• **EXERCISE DETAILS**
Exactly the lines from the one with "Jinny Osborn in" through the end of the records below are needed, minus any pictures.

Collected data
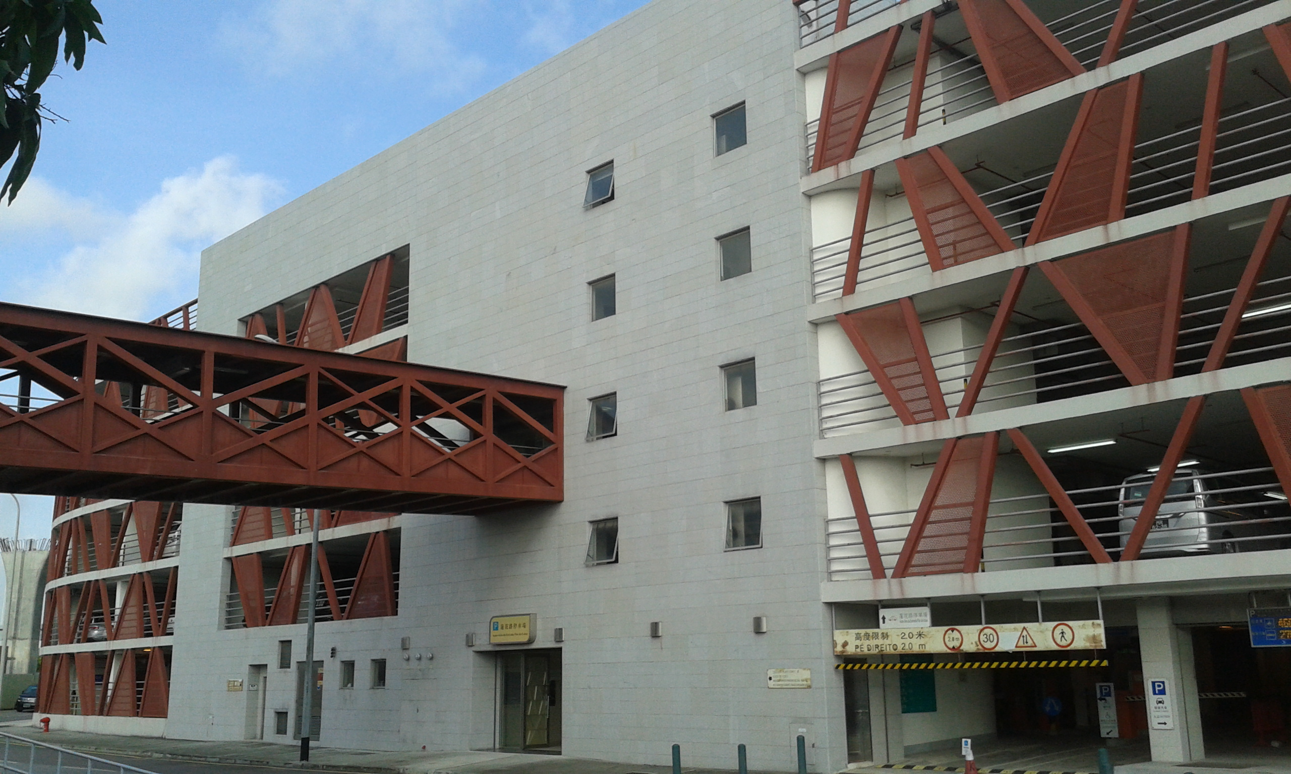 Lotus Checkpoint Carpark
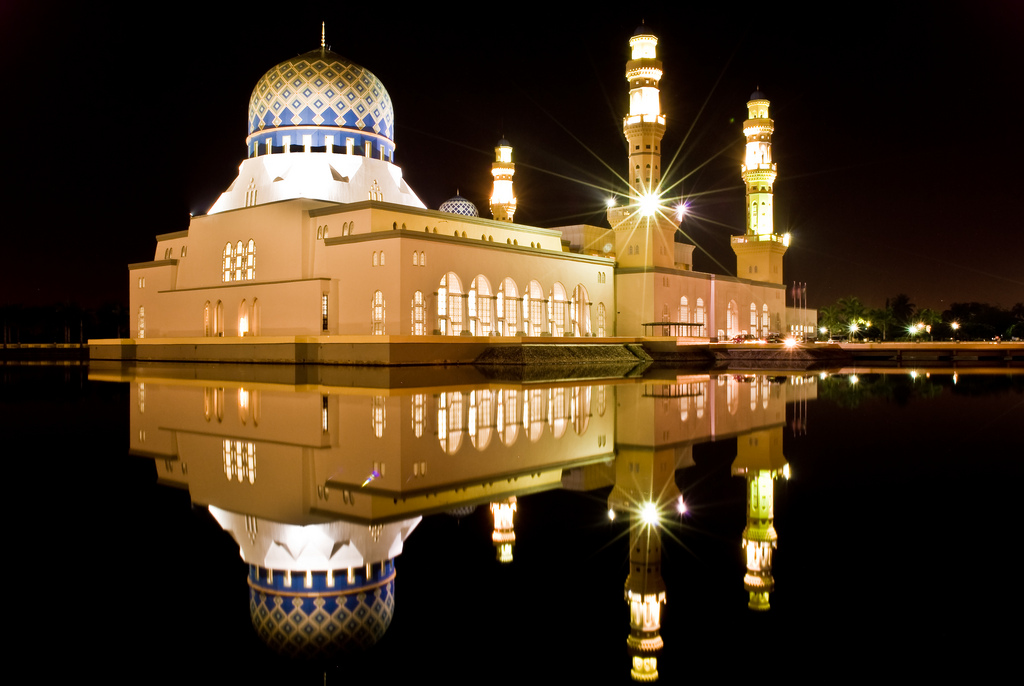 Kota Kinabalu City Mosque at Sabah, Malaysia.
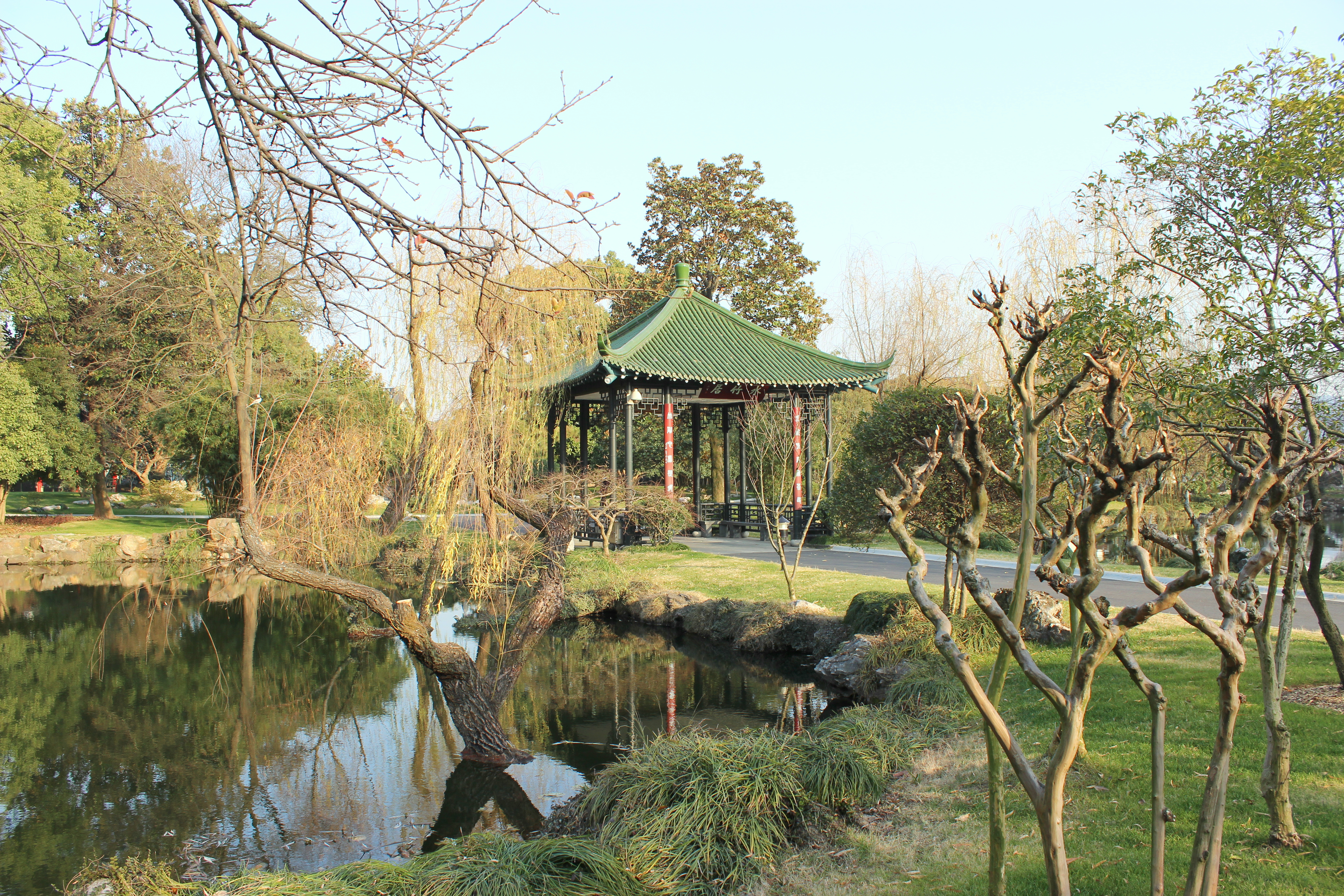 杭州西湖国宾馆， West Lake State House，Hangzhou
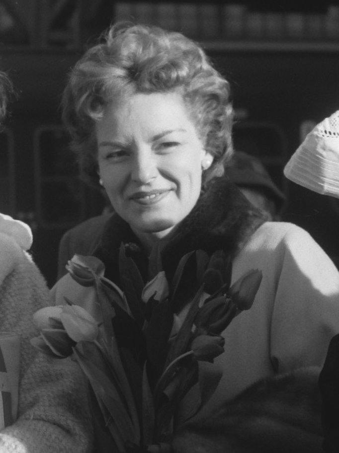 Jinny Osborn in Amsterdam in 1959. Cropped from File:Chordettes1959.jpg.
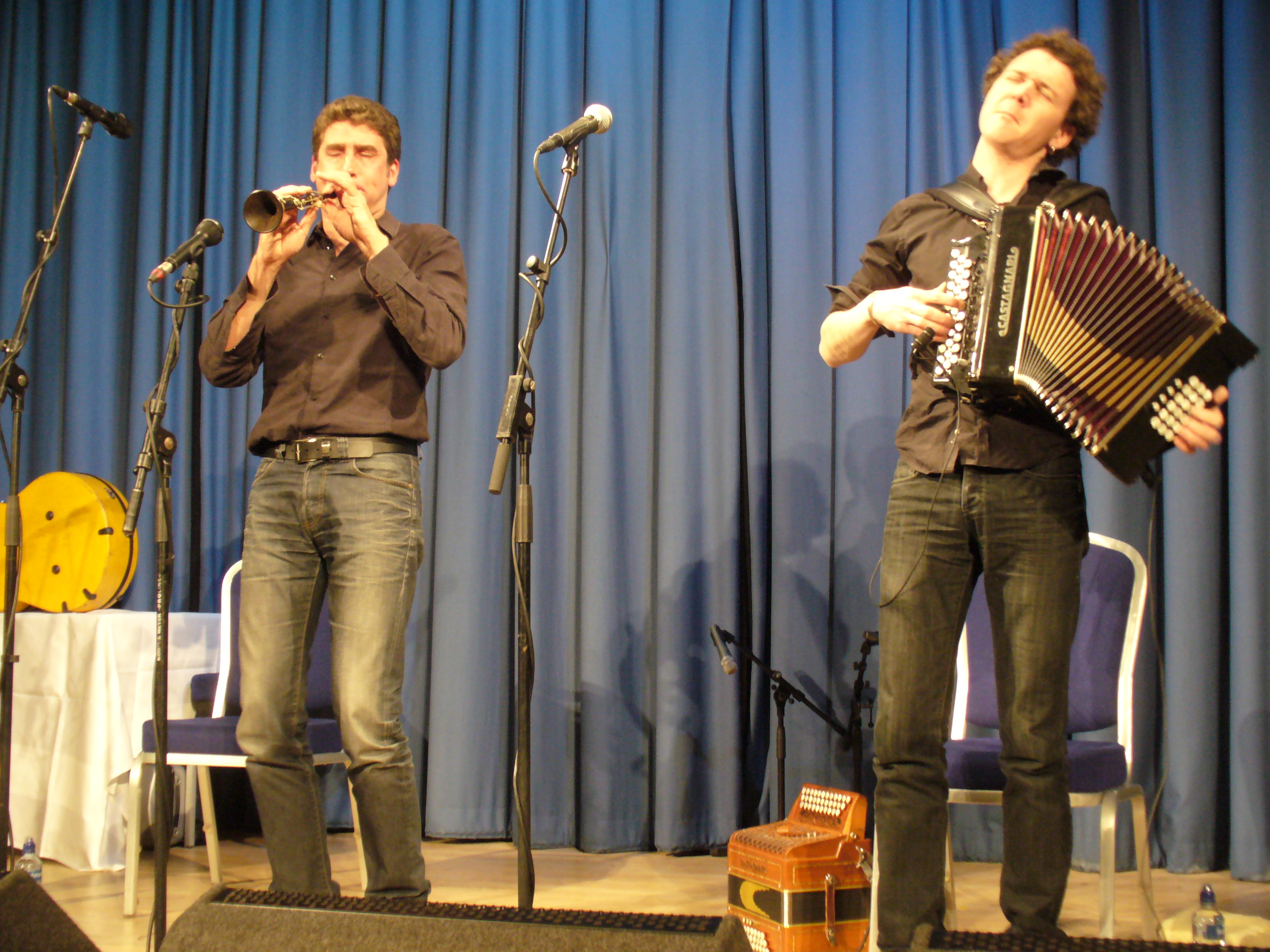 The amazing Erwan Hamon and Yannick Martin.
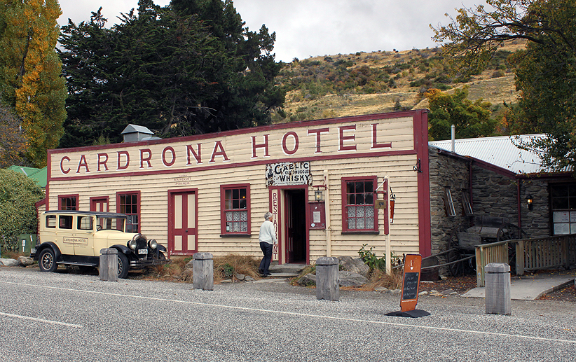 Historic Cardrona Hotel in Central Otago, New Zealand

• **REPLY TO THE EXERCISE**
 Jinny Osborn in Amsterdam in 1959. Cropped from File:Chordettes1959.jpg.
 The amazing Erwan Hamon and Yannick Martin.
 Historic Cardrona Hotel in Central Otago, New Zealand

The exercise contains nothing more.